The stated RDA only refers to the minimum possible amounts of vitamin C that can help in fighting scurvy, a disease caused by inadequate levels of vitamin C. In fact, research findings estimate that a healthy person should have an intake of about 200 to 500 mg of ascorbic acid each day (Cass & English, 2008). As already mentioned, low levels of vitamin C in the body mainly result in a deficiency disease called scurvy and can be clinically treated by increasing the levels of vitamin C in the body. Besides, lack of vitamin C can also cause hemorrhages below the skin surface resulting in soft skin that is easy to bruise. Moreover, inadequate vitamin C causes poor healing of wounds, the gums become soft and spongy which in turn loosen the teeth (Pressman & Buff, 2000). Lower levels of vitamin C in the body also cause edema which is characterized by the retention of water. General body weakness, indigestion, and bronchial infections may also be indicators of inadequate supply of vitamin C in the body. Excessive intake of vitamin C has been clinically established to be very harmful. Ascorbic acid is highly soluble in water and any excesses are lost through urine. Toxic levels cause gastrointestinal problems which worsen with continued intake. The levels at which the ascorbic acid become toxic vary significantly from person to person as well as age. Relatively lower levels of about 1000 mg can be toxic to some individuals while others can manage up to highs of about 25,000 mg daily.

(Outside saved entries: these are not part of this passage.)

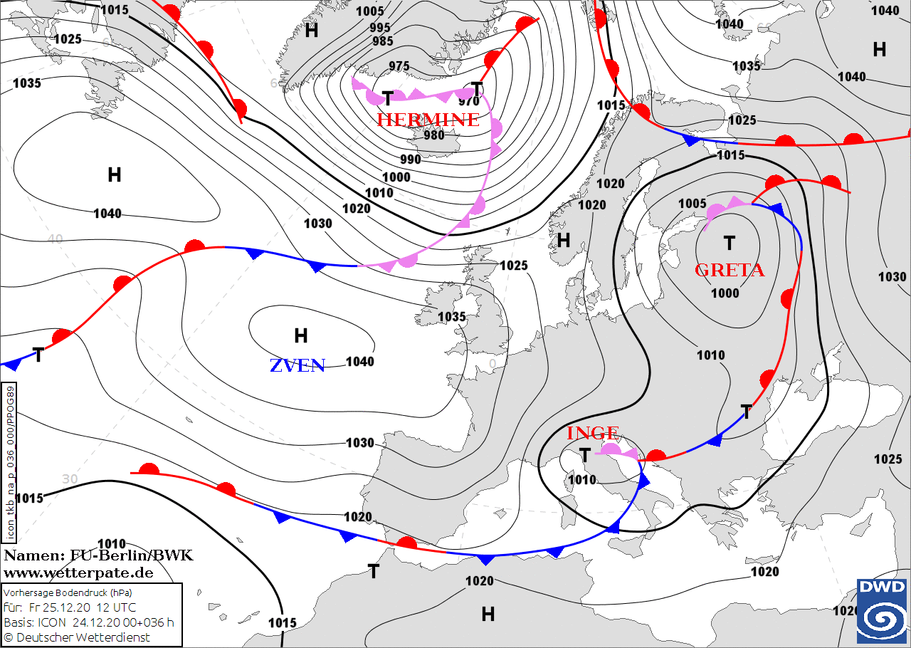 Noms des dépressions et anticyclones prévus pour vendredi 25 décembre 2020 à midi (Berlin)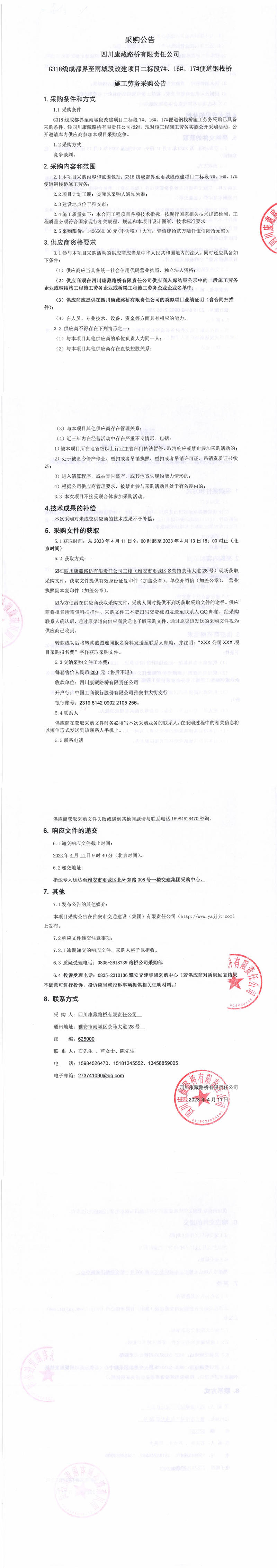 四川康藏路橋有限責(zé)任公司G318線成都界至雨城段改建項目二標(biāo)段7#、16#、17#便道鋼棧橋施工勞務(wù)采購公告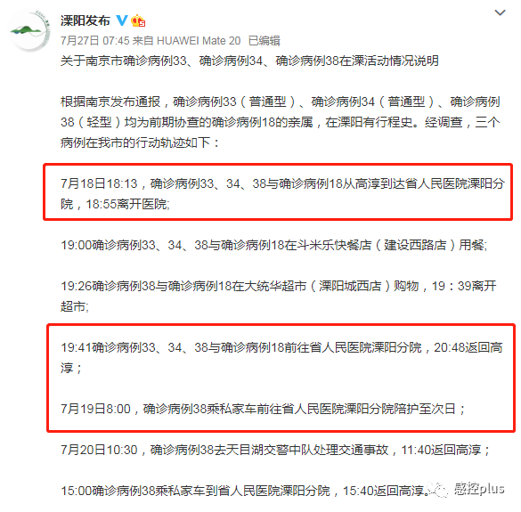7月22日,江苏溧阳发布南京一名阳性(确诊患者18)患者行动轨迹,期间值得关注的是患者一行五人曾两次到医院探视,停留时间分别为四十分钟和六十分钟。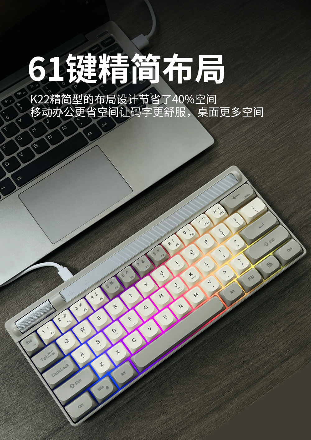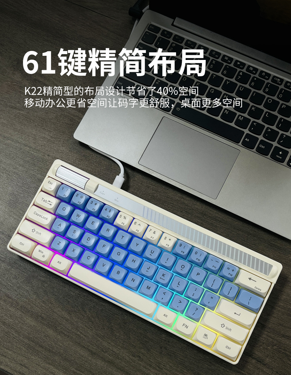 Senlonni K22 기계적 느낌 RGB 세련된 다채로운 유선 키보드 휴대용 다기능 색상 매칭 게임 키보드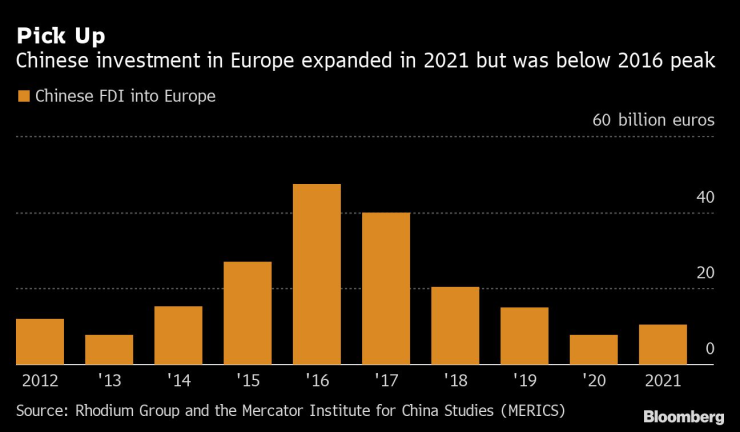 „Ерата на масивните китайски инвестиции изглежда приключила засега“, пишат те. „През 2022 г. очакваме потоците на преките чуждестранни инвестиции от Китай към ЕС да останат на сегашните ниски нива.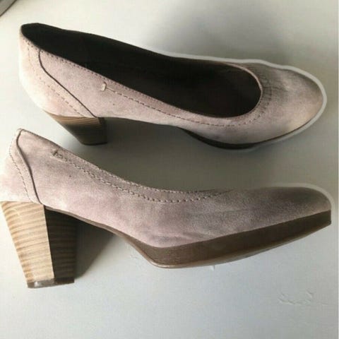 Damesko i størrelse 39 med en kombination af ruskind og laklæder. Skoen er beige med en sort lak detalje ved tåspidsen og en dekorativ bue. Den har en medium hæl højde og sål lavet af gummi. Indersiden af skoen er foret og har en behagelig polstring.

Vitamin C, therefore, plays a pivotal role in maintaining a healthy body. Researchers have found that the intake of vitamin C is higher when an individual is undergoing some kind of trauma, infections, demanding exercises, or during higher temperatures in the environment (Cass & English, 2008). Vitamin C also enhances the body’s antioxidant characteristics which help in protecting the body against harmful body wastes. Due to its reducing properties, vitamin C helps in the prevention of some cancers, cataracts, as well as cardiovascular infections/diseases.


Cass, H. & English, J. (2008). The user’s guide to vitamin C: understanding how vitamin C can improve health (4th ed.). Prentice Hall

Pressman, H. A. & Buff, S. (2000). The complete idiot’s guide to essential vitamins and minerals (3rd ed.). McGraw Hill Plc.